For a small moment, I believed it. I did feel bad about the jam and my part in Nathan’s distress, really I did. But he needn’t be so angry. He’d known I was not perfect from the beginning, and I knew that he wasn’t. Yet part of marriage was bearing with one another, was it not? And that meant forgiving when we witnessed those shortcomings.
Shortcomings. As if my attempting to make my husband currant jam were a shortcoming.
For a moment all the layers I’d wrapped around myself since I’d met Nathan unraveled, and I saw what I was becoming. A shadow of my former self. But who had I been to begin with? I’d come to Concord looking for a place to belong, a place to find my independence and pursue my passion for literature. I’d thought that Nathan was a part of that plan. I loved him, perhaps to a fault. But was I allowing myself to wither away, to be choked and snuffed out in the name of that love?
I dragged in a long breath, wanting more than anything to make peace. With both Nathan and myself.
“I am preparing a beautiful breakfast for tomorrow. Mr. Inglewood will come, won’t he?”
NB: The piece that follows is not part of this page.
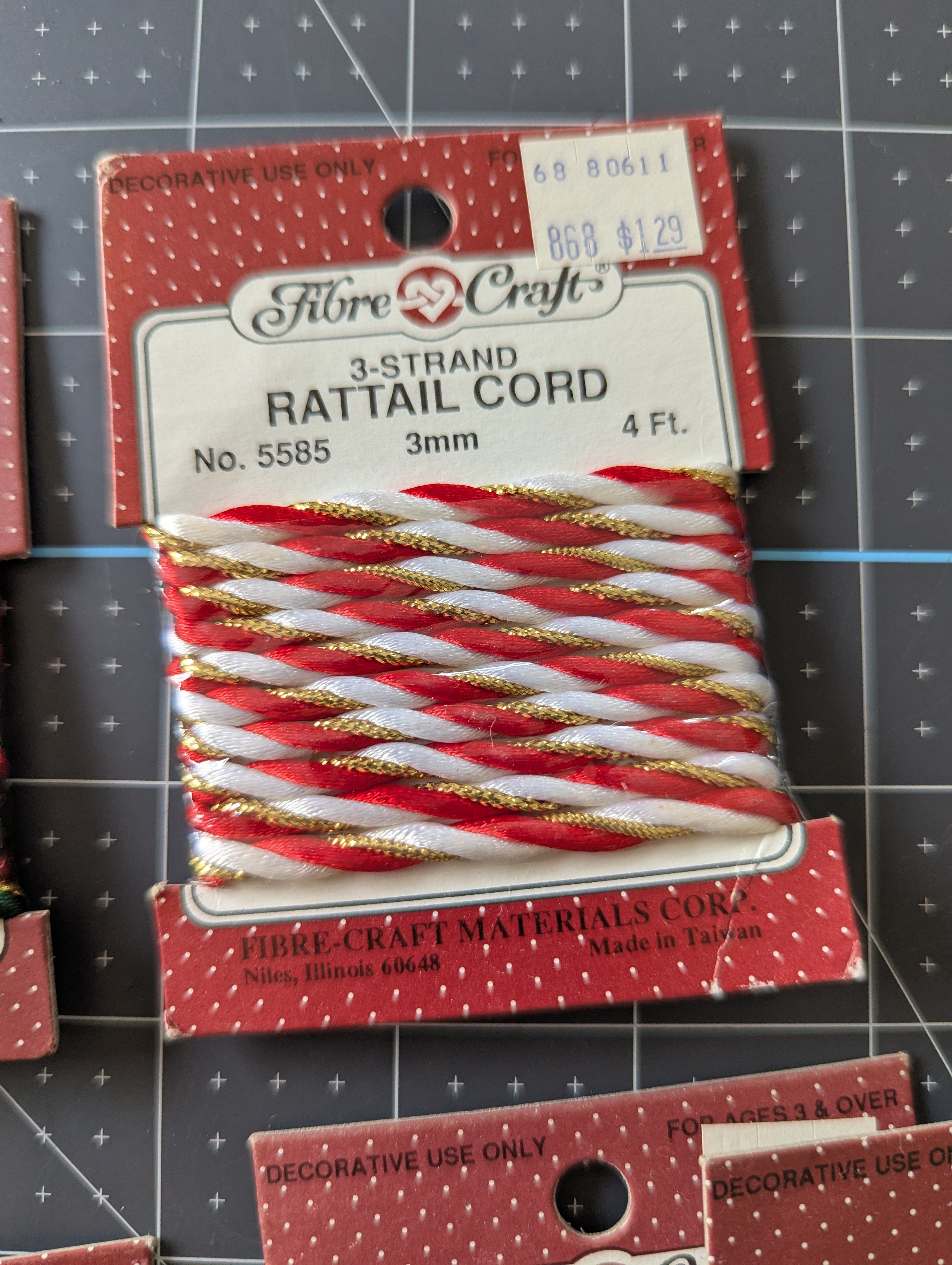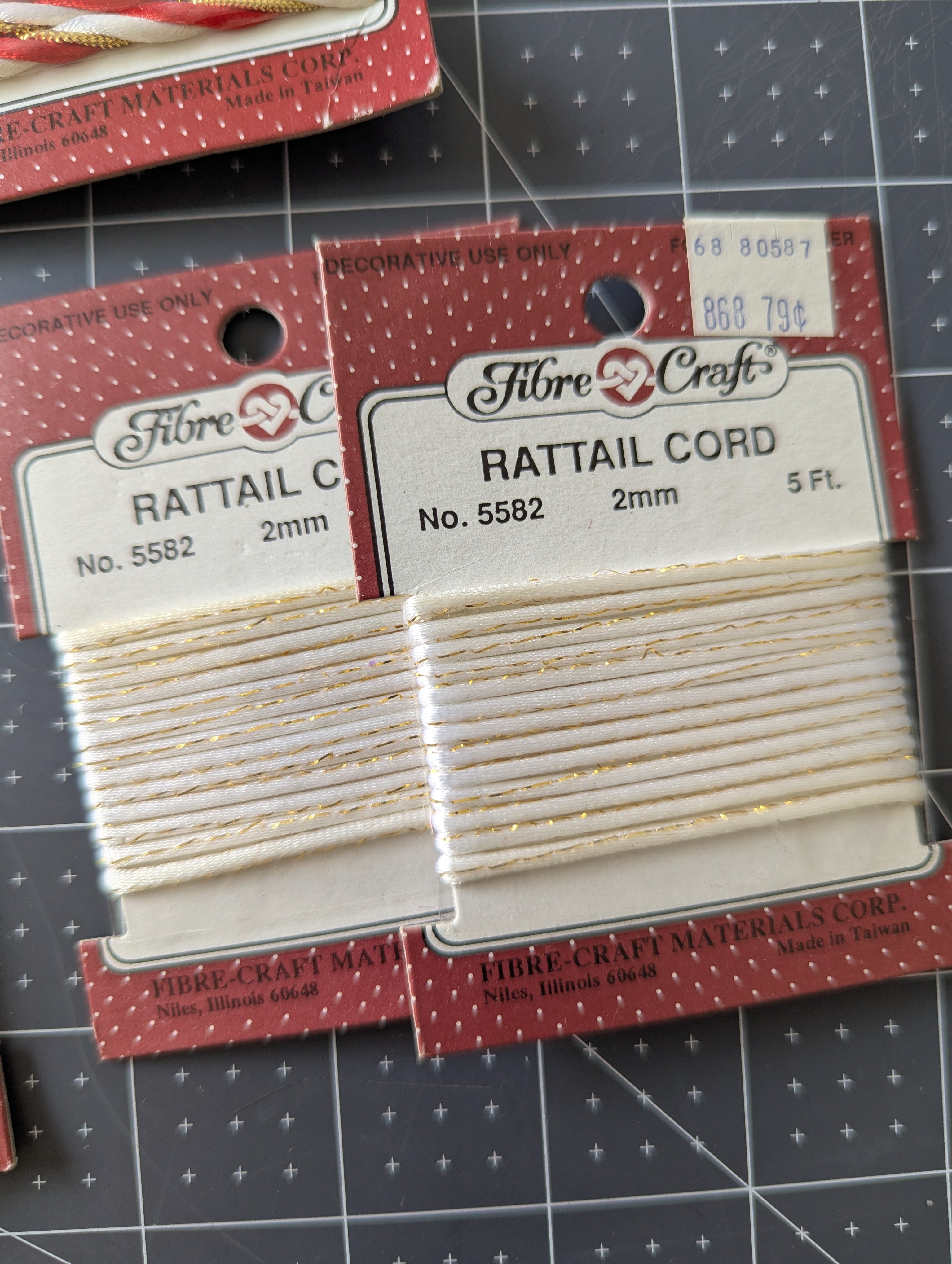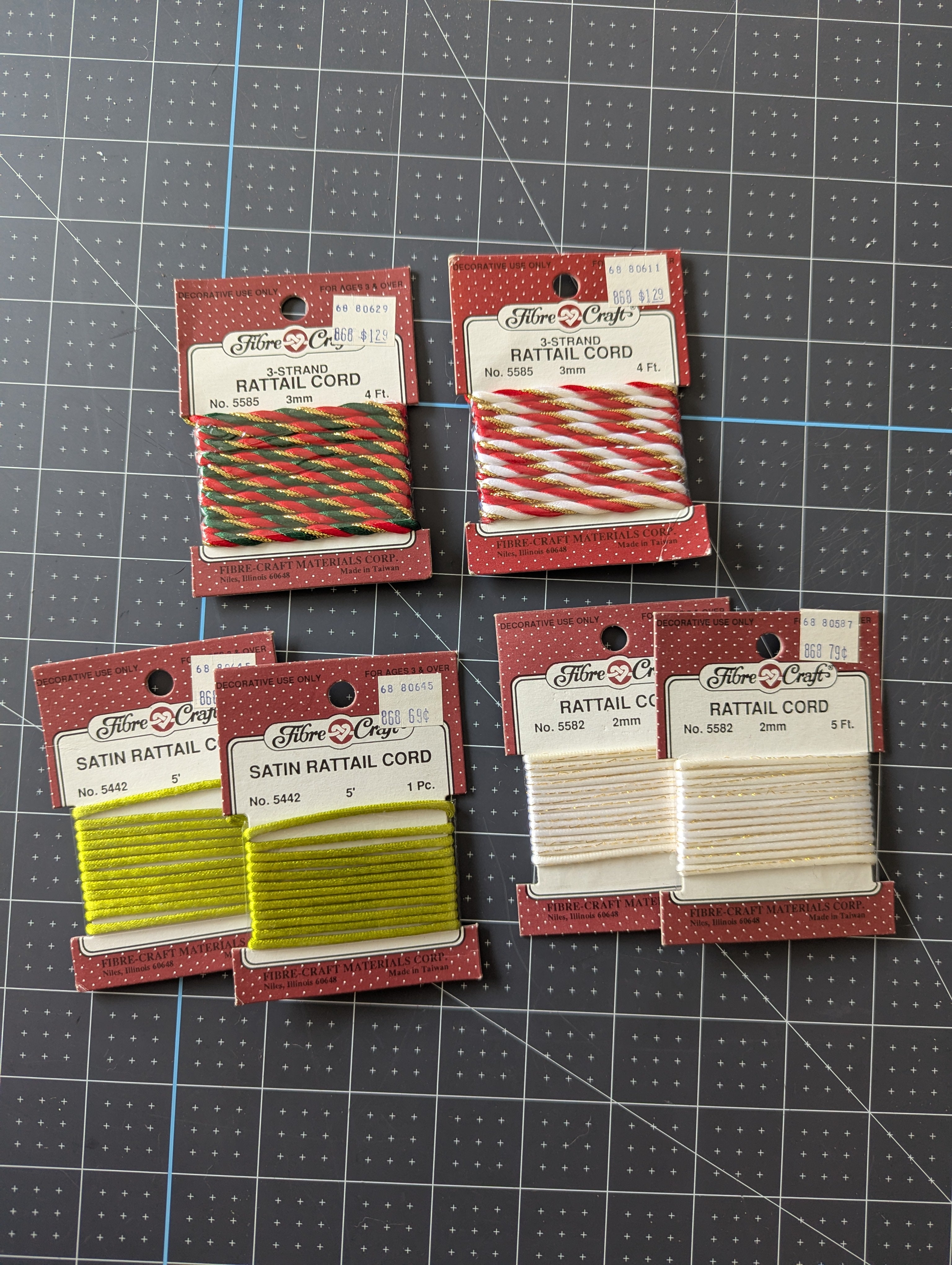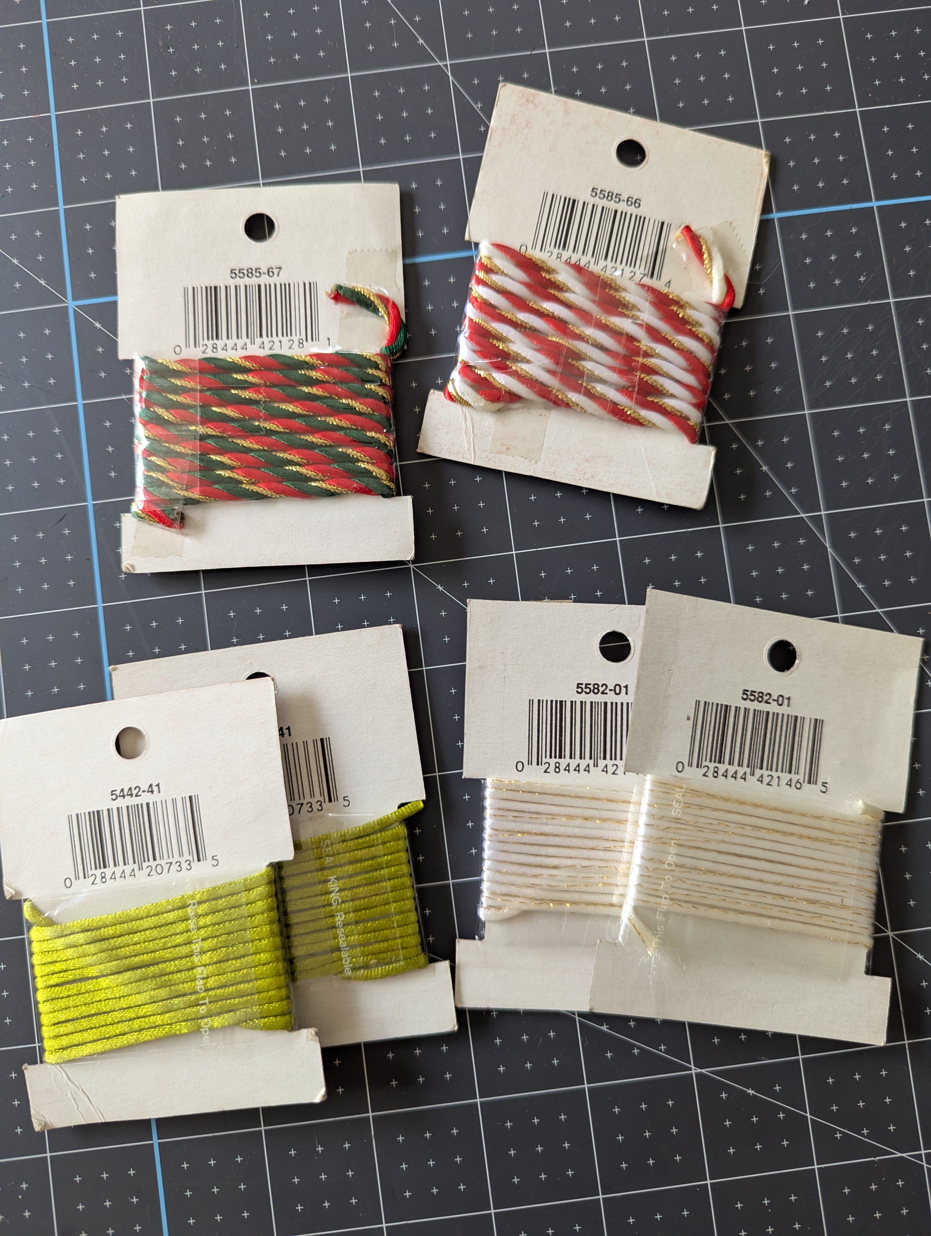 You'll receive all pictured cord, with four total styles: #5585 - red green and gold, #5585 - red, white and gold, #5442 - light green, #5582 - white with gold floss.

“No,” he snapped. “He’s leaving first thing in the morning.”
“Well, if a simple misunderstanding put him off so, perhaps he is not a wise partner to begin with.”
He went to his cupboard, pulled out a bottle of whiskey. Something hard knotted in my chest at the sight of the alcohol. Yes, I had long suspected. Maybe even known after seeing the shining glass beside him that night in this study. But to voice it seemed to breach the trust we had established as husband and wife. How many times had I dusted that cupboard, wondered if it contained what I feared, yet chosen not to open it? Not to let suspicion taint our new marriage? Now, though, I couldn’t argue with the evidence. And he wasn’t even bothering to conceal it.
I stepped forward. “You promised.”
He ignored me.
I placed a hand on his arm. “Nathan, this is not the answer. There is a better way for us to work—”
“I said leave me!”
I did not see his hand coming. Nor did I anticipate the power behind it. Black came over my vision, and I fell to the floor, partly from the force of it, partly because it put me in a state of shock and my limbs simply gave out.
I reached out a shaky hand to steady myself on the side of his desk.
“Johanna . . .” I felt his arm on my shoulder, but I flinched. “If you did not persist in harping on me . . .”
I couldn’t dredge up words to defend myself. What’s worse, I felt the start of an apology on my lips. Something. Anything to make it right between us again.
He helped me to my feet as if it were a chivalrous act. And once I regained my balance, I left the room to hide myself away in the bedroom, pathetic tears soaking the pillow.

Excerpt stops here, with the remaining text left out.